▸ Problem: All records, minus the pictures: write them out exactly.

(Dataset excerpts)
..............................
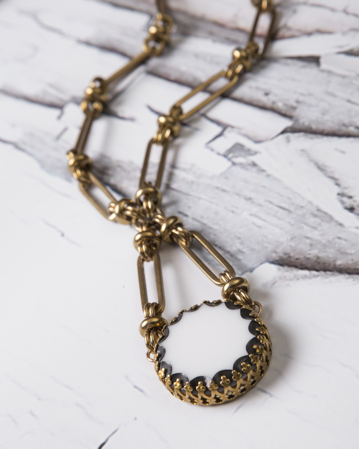 Vintage Recycled Milk Glass Cabochon /Heavy Brass Chain / 15-18.5" Adjustable Length
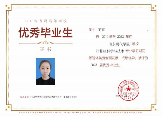 王雨,女,汉族, 中共党员, 电子信息学院 2019 级本 科计算机科学与技术专业学生。被评为 2023 届山东省普通高等学校优秀毕业生。
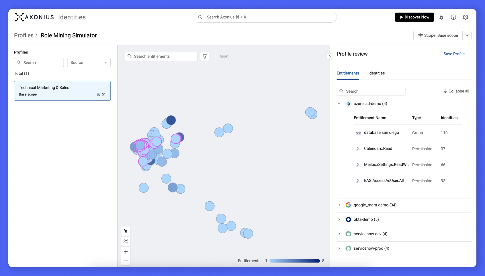 Profiles can be built manually, allowing teams to define precise entitlement sets based on internal policies or known access requirements. To accelerate the process, Axonius uses AI/ML to analyze entitlement patterns across users and recommend Profiles that reflect common, consistent access groupings.
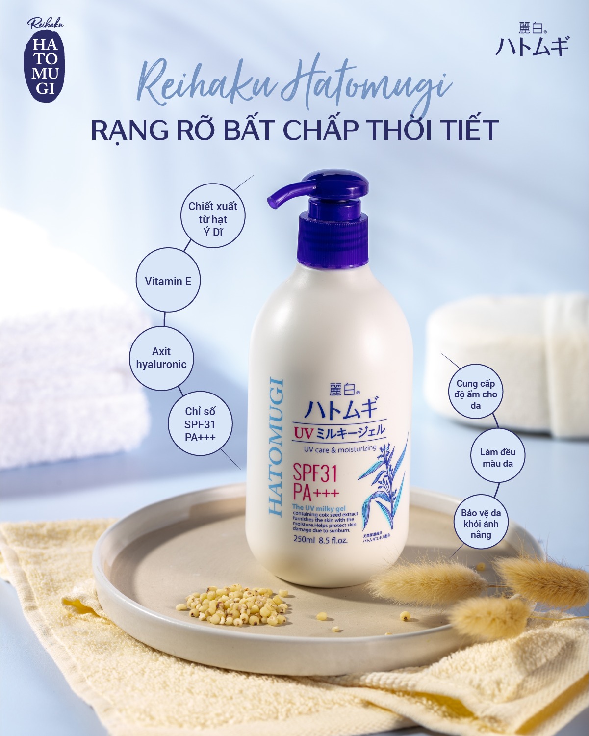 - Ngoài ra, sữa dưỡng thể Hatomugi còn chứa thành phần chống nắng SPF 31+++ (chỉ số chống nắng khá cao) giúp bảo vệ da khỏi tác động của tia UV (một trong những nguyên nhân gây thâm nám, sạm da).
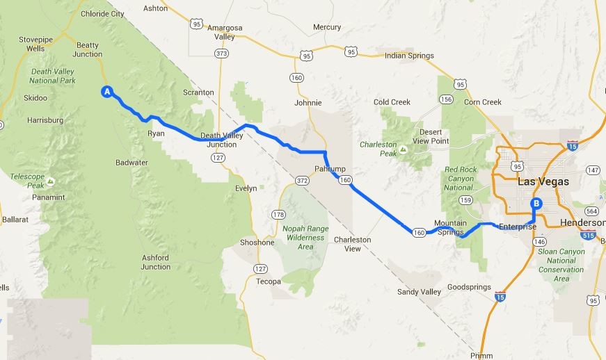 Short trip today. We leave Furnace Creek on Highway 190 East and then turn right onto Highway 160 towards Shoshone and Parump, Continue on Highway 160 which will connect with Interstate 15 and bring you into Las Vegas.
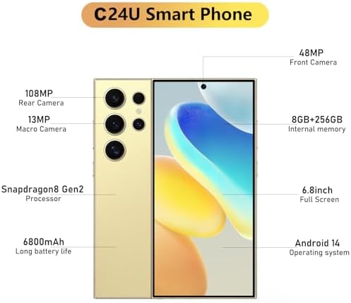 ?【Carrier Compatibility】The unlocked 5G Android phone allows you the flexibility to change carriers and choose your own data plan; works with Verizon, AT&T, T-Mobile, Sprint, Sprint and other major carriers. Version comes with a one year warranty, if you encounter any problems, please feel free to contact us. We will reply you within 24 hours. Customer satisfaction is our biggest goal! ?【108MP+50MP Camera+AI Face Fingerprint Unlocked】The Android phone comes with a 108MP main camera with enhanced image processing algorithms that make every photo exceptionally clear and detailed without being eye-catching or lifelike. The 50MP front camera further enhances the clarity and delicacy of facial features, helping you take creative selfies with accurate colors. Get your phone unlocked upon recognizing your face with AI face unlock. ⚡【8GB+256GB & Quad-Core 】The cell phone is equipped with the powerful Octa-core processor, which can dramatically improve the running speed, network, frame rate and picture smoothness, you will no more need to suffer from phone lag. 8GB RAM + 256GB ROM, which support multiple software to run smoothly at the same time, allowing you to enjoy many videos and games download to maximize your storage needs. ✨【Android 13 Unlocked Cell Phones】Unlocked phones uses the latest Android 13 system to bring you the latest and most popular features, such as: dark mode, chat bubbles, parental control mode, elegant and user-friendly interface, etc. All of this makes for a pleasant experience for the user. ?【6800mAH & 18W Fast Charging】The smartphone is powered by a massive 6800mAh battery, providing all the power required to get you through the day. Watch hours of TV, play graphically intense games, or browse the internet non-stop without fear of your device dying. Moreover, it supports 18W fast charging to withstand urgent use - when it does need a charge, make it fast.
..............................
▸ Reply to the exercise:
 Vintage Recycled Milk Glass Cabochon /Heavy Brass Chain / 15-18.5" Adjustable Length
 王雨,女,汉族, 中共党员, 电子信息学院 2019 级本 科计算机科学与技术专业学生。被评为 2023 届山东省普通高等学校优秀毕业生。
 Profiles can be built manually, allowing teams to define precise entitlement sets based on internal policies or known access requirements. To accelerate the process, Axonius uses AI/ML to analyze entitlement patterns across users and recommend Profiles that reflect common, consistent access groupings.
 - Ngoài ra, sữa dưỡng thể Hatomugi còn chứa thành phần chống nắng SPF 31+++ (chỉ số chống nắng khá cao) giúp bảo vệ da khỏi tác động của tia UV (một trong những nguyên nhân gây thâm nám, sạm da).
 Short trip today. We leave Furnace Creek on Highway 190 East and then turn right onto Highway 160 towards Shoshone and Parump, Continue on Highway 160 which will connect with Interstate 15 and bring you into Las Vegas.
 ?【Carrier Compatibility】The unlocked 5G Android phone allows you the flexibility to change carriers and choose your own data plan; works with Verizon, AT&T, T-Mobile, Sprint, Sprint and other major carriers. Version comes with a one year warranty, if you encounter any problems, please feel free to contact us. We will reply you within 24 hours. Customer satisfaction is our biggest goal! ?【108MP+50MP Camera+AI Face Fingerprint Unlocked】The Android phone comes with a 108MP main camera with enhanced image processing algorithms that make every photo exceptionally clear and detailed without being eye-catching or lifelike. The 50MP front camera further enhances the clarity and delicacy of facial features, helping you take creative selfies with accurate colors. Get your phone unlocked upon recognizing your face with AI face unlock. ⚡【8GB+256GB & Quad-Core 】The cell phone is equipped with the powerful Octa-core processor, which can dramatically improve the running speed, network, frame rate and picture smoothness, you will no more need to suffer from phone lag. 8GB RAM + 256GB ROM, which support multiple software to run smoothly at the same time, allowing you to enjoy many videos and games download to maximize your storage needs. ✨【Android 13 Unlocked Cell Phones】Unlocked phones uses the latest Android 13 system to bring you the latest and most popular features, such as: dark mode, chat bubbles, parental control mode, elegant and user-friendly interface, etc. All of this makes for a pleasant experience for the user. ?【6800mAH & 18W Fast Charging】The smartphone is powered by a massive 6800mAh battery, providing all the power required to get you through the day. Watch hours of TV, play graphically intense games, or browse the internet non-stop without fear of your device dying. Moreover, it supports 18W fast charging to withstand urgent use - when it does need a charge, make it fast.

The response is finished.